Data integrity is maintained through FK, unique indexes, proper modeling, etc.

Also, an RMDBS is hard to scale horizontally, so the more CPU tasks you put on it, the sooner you will hit a bottleneck that is not easy to get out of. A application layer, if designed properly can scale a lot more.

>The app will be gone long before the data.

When this ever happens, it happens rarely, and the situation is the data enters a read-only state in my experience and happens during sunsetting. Most of the time, if a new system is required, a migration occurs to a new schema that the new app supports.

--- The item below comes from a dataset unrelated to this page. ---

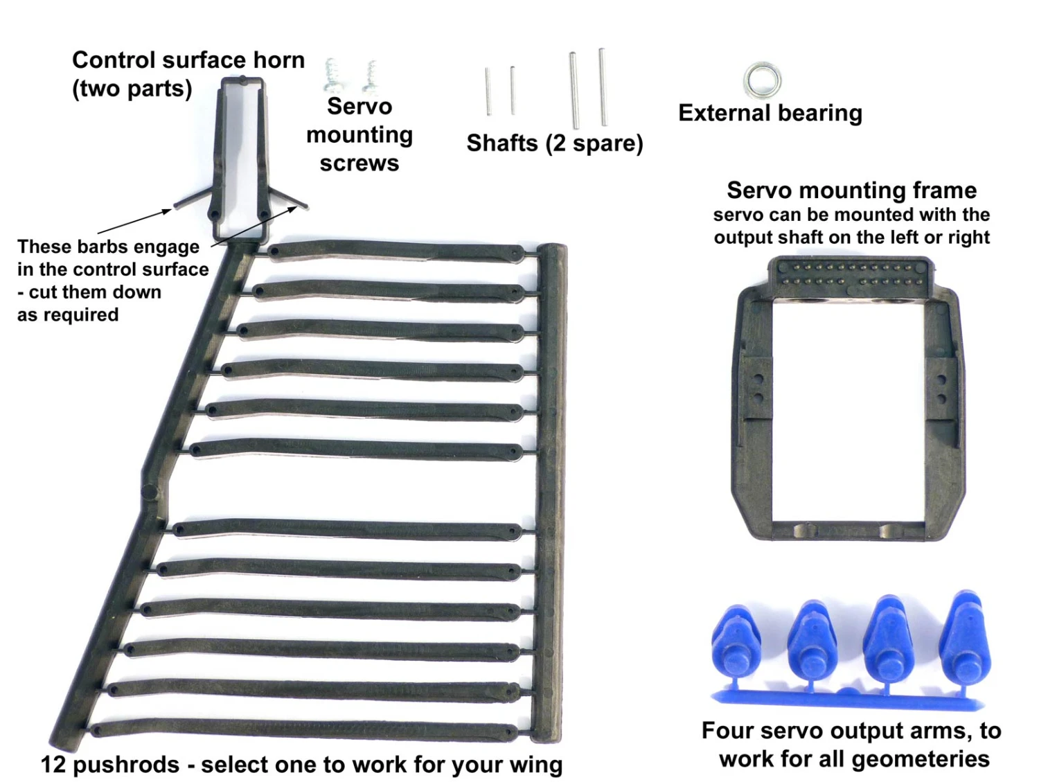 The connection between the servo and control surface is made via a ready-made hard plastic pushrod, so no cutting or gluing is required, making for a quicker and more repeatable installation. 12 of these mono pushrods are supplied in each kit, varying in length between 48 mm and 81 mm, each approx 3 mm longer than the next. These new IDS sets are labelled “Mono” as the pushrod is a monolithic component, not an assembly of parts that can come apart.
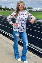 Show your team spirit with this playful black mesh top adorned with shimmering stars. Lightweight and breathable, it’s perfect for cheering on your favorite team in style while staying cool and comfortable. Add a fun, sparkling touch to your game day outfit!

We use a mix of SQL and NoSQL databases for different and specific purposes. Your suggestion is to do the data manipulation outside of the database which typically means pulling data sets out, doing something with them, and then putting them back in. That will never be more efficient than just doing it in the database. Our SQL databases are actually scaled horizontally using read replicas since writes are much less frequent than reads and we can easily add/remove instances as demand grows and shrinks. IMO, it wasn't any more difficult to scale out our databases than it would have been to implement any other K8 (application or DB).
> Your suggestion is to do the data manipulation outside of the database which typically means pulling data sets out, doing something with them, and then putting them back in.

It doesn't mean that at all. You can still leverage SQL to get amazing performance for queries and mutations across large datasets without burying that in a stored procedure. Yes it's generally a bad idea to pull thousands of records across the network and into memory to manipulate them before putting them back. But that's a false dichotomy.